'Magnificent Seven' remake kicks off Toronto film fest

Michel Comte

Toronto film festival

TORONTO, CANADA, Michel Comte- Double Oscar-winner Denzel Washington and a motley band of gunslingers open the Toronto film festival Thursday, blazing trails in a much-anticipated remake of the 1960 Western "The Magnificent Seven."
The film festival, which runs through September 18, is the largest in North America and has become a launchpad for Oscar-conscious studios and distributors, attracting hundreds of filmmakers and actors to the red carpet in Canada's largest city.

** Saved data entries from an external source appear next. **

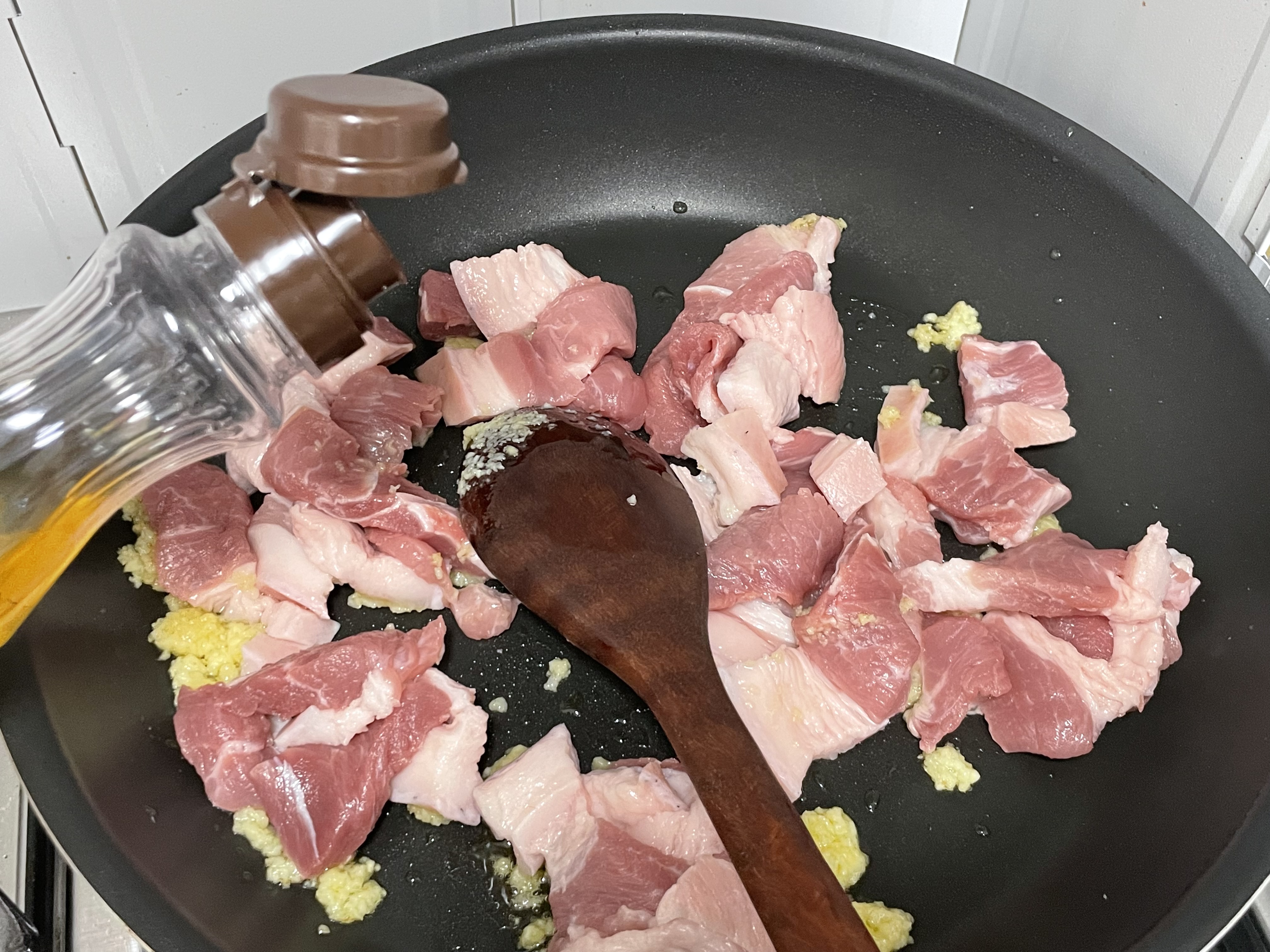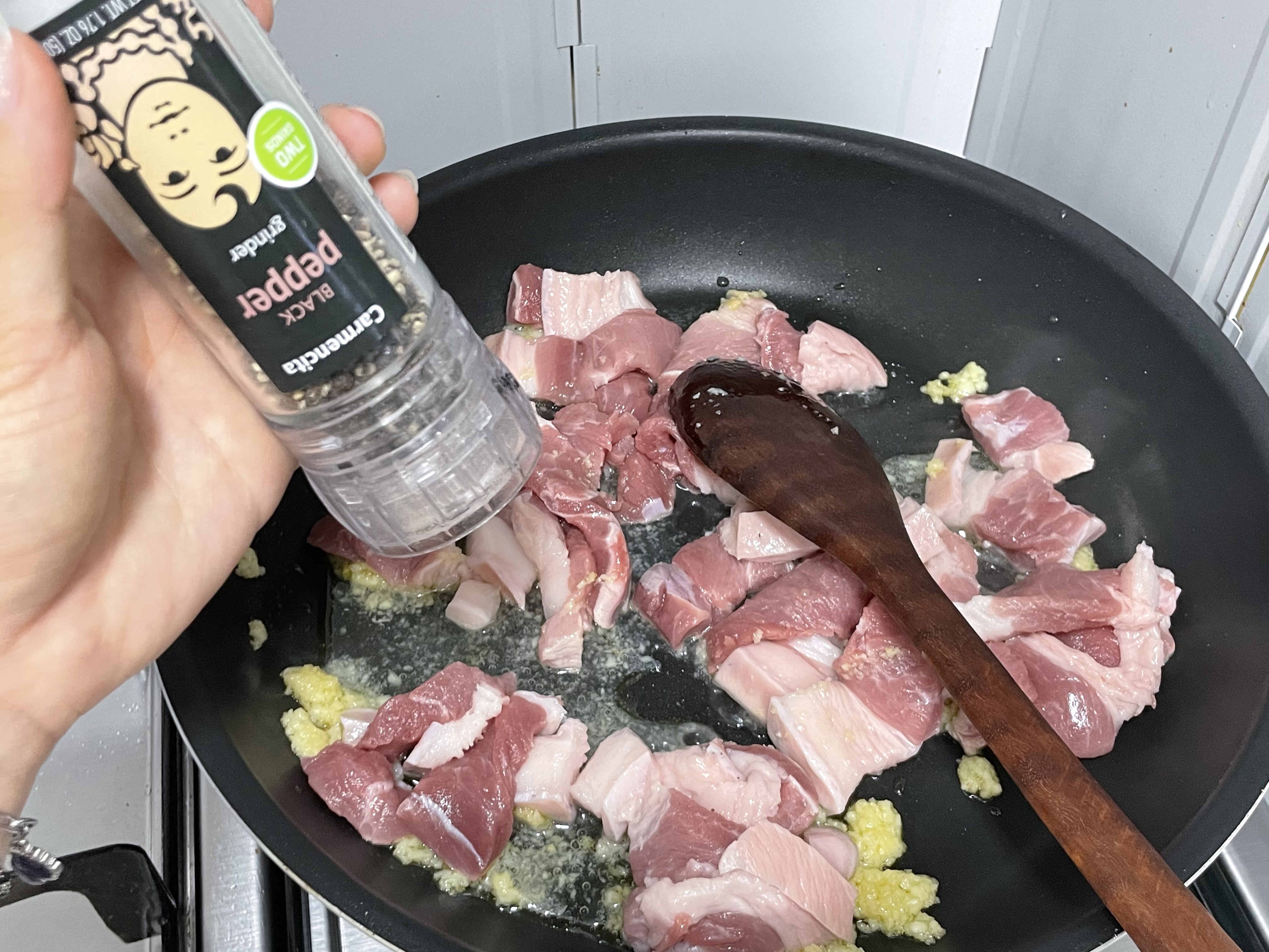 먹기 좋게 썰은 흑돼지를 먼저 넣어주고
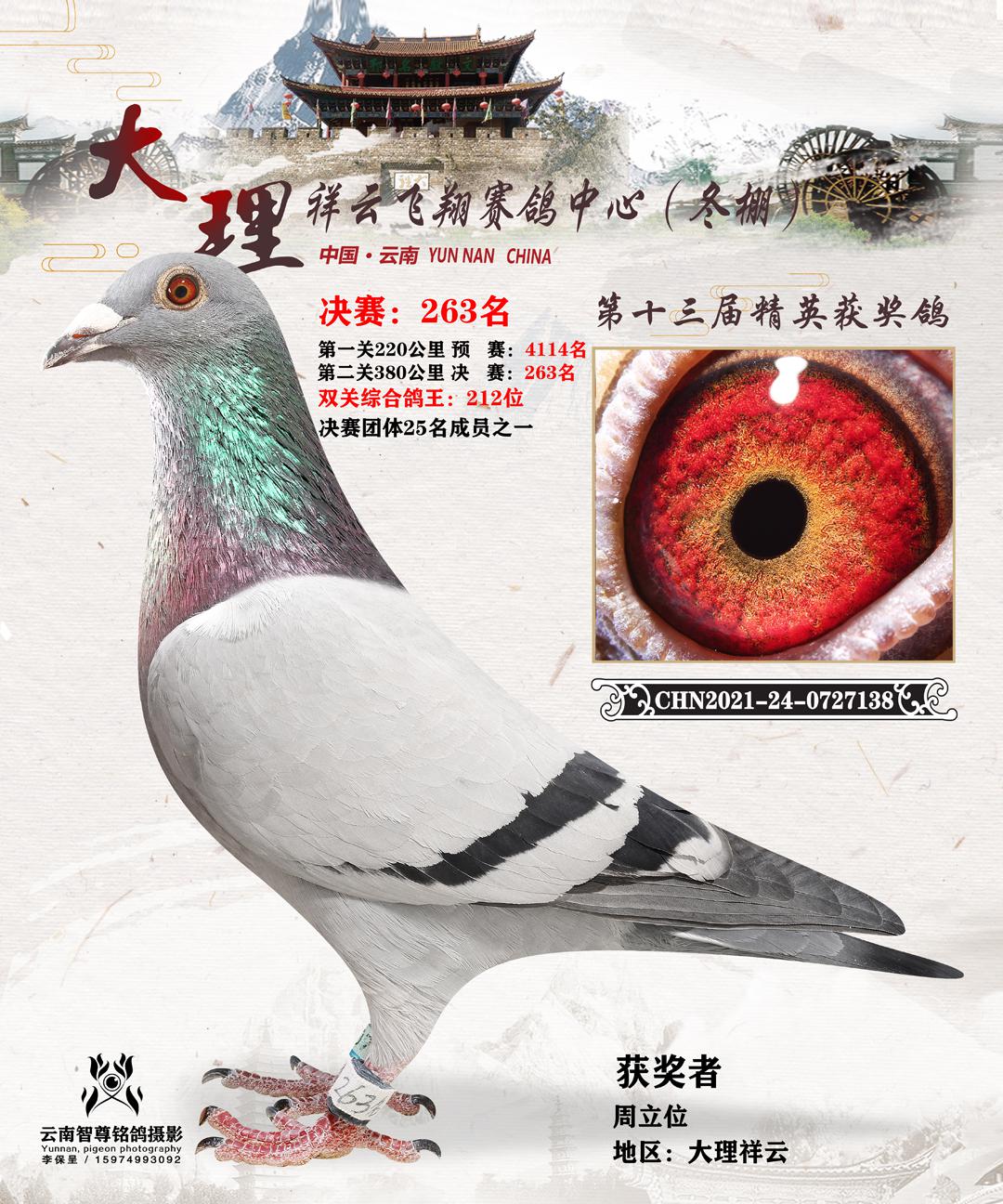 云南大理祥云飞翔赛鸽中心决赛获奖鸽
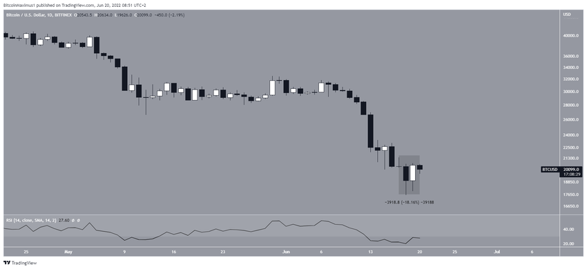 BTC ha estado cayendo desde que alcanzó un máximo histórico de 68,958 dólares en noviembre. El movimiento a la baja hasta ahora llevó a un mínimo de 17,605 dólares el 18 de junio.
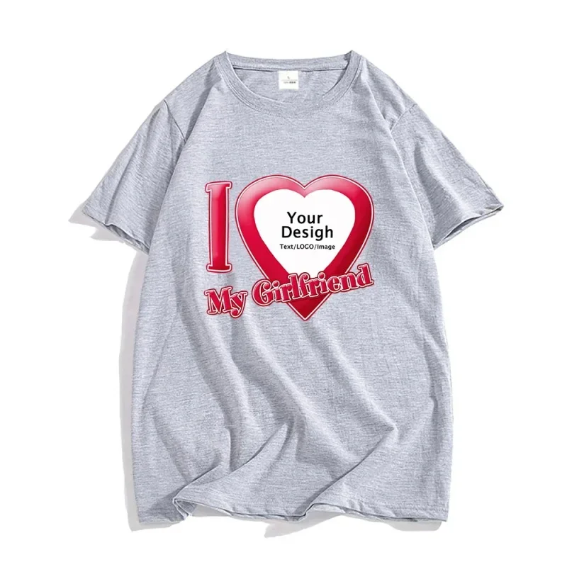 DIY I Love My Boyfriend Girlfriend T-shirt For Mens Women Custom Photo Short Sleeve Tee Shirt Tops Customize Tshirt
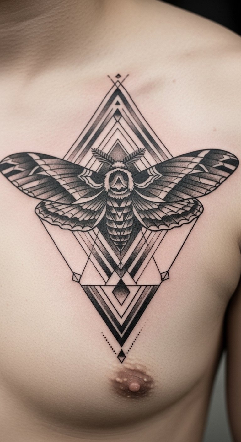 Death moths combine transformation symbolism with precise geometry. The pectoral provides a broad, stable area. Expect moderate pain near the sternum. Shading and shapes hold well if black ink dominates. Mistake: too much tiny stippling that fades unevenly. Ask your artist for matching blackwork examples.

Nearly 400 feature and short films from 83 countries will be screened at the festival.
Director Antoine Fuqua's film is a reimagining of the Western classic starring Yul Brynner, Steve McQueen and Charles Bronson -- which in turn was a remake of Akira Kurosawa's Japanese-language epic "Seven Samurai."
In the latest version, Washington plays bounty hunter Sam Chisolm who leads his crew to liberate a Wild West town from the clutches of a bad man (an industrialist played by Peter Sarsgaard, who also appears at the festival in "Jackie") and his private army of henchmen.
While initially motivated by cash offered up by townswoman Emma Cullen (played by Haley Bennett), these swashbucklers end up taking a principled stand against greed and hegemony to save the fledgling town.
Fuqua told AFP during post-production in April that he also hoped to dispel the mythology of the American frontier propagated by Hollywood, that it was populated by ranchers, lawmen and outlaws battling for money or land on behalf of White America.
The real Wild West's racial makeup was actually a melting pot of Europeans, Chinese, Mexicans, Native American and blacks.
- Metaphor for today's America -
"Westerns have always spoken directly to what is going on in present day America even though it's dealing with its history," Toronto film festival co-director Piers Handling told AFP.
"This one certainly speaks to contemporary America. It's is an interesting metaphor for what's going on in American right now," he said.
"It's about a community under duress, under extreme pressure, and the people that come together to defend this community who are representative of American society."
The action-packed film also stars Chris Pratt as a card shark and explosives enthusiast, Ethan Hawke (also at the festival in "Maudie") as a sharpshooter, Vincent D'Onofrio in the role of a tracker, and South Korea's Lee Byung-hun as a knife-throwing assassin.
Washington and Fuqua have collaborated previously, notably on "Training Day," which also premiered at the Toronto film festival and went on to earn Washington a best actor Oscar in 2001 for his performance as a rogue cop in Los Angeles. (Washington earned his first Oscar in 1990 for his supporting role in the civil war drama "Glory.")
They also paired up in 2014 for Fuqua's adaptation of the 1980s television series "The Equalizer," about a loner who dispenses justice from the barrel of a gun. The film earned mediocre reviews and nearly US$200 million at the box office.
- Spotlight on politics -
Toronto this year shines a spotlight on American politics, youth radicalization, racism, feminism and alien arrivals, as well as questions around race.
Films being positioned for accolades include the new Denis Villeneuve sci-fi movie "Arrival," and Oliver Stone's "Snowden" about former National Security Agency contractor Edward Snowden's massive 2013 leak revealing the extent of government snooping on private data.
Ryan Gosling and Emma Stone's performances as a jazz musician and an aspiring actress in the bewitching musical "La La Land," which opened the Venice film festival, has also stirred up a frenzy.
"American Pastoral," Ewan McGregor's directorial debut looking back at an ideal family torn by the upheavals of the 1960s, is generating tremendous buzz, as is "Lion" -- the true story of a boy separated from his family who goes searching for home 25 years on.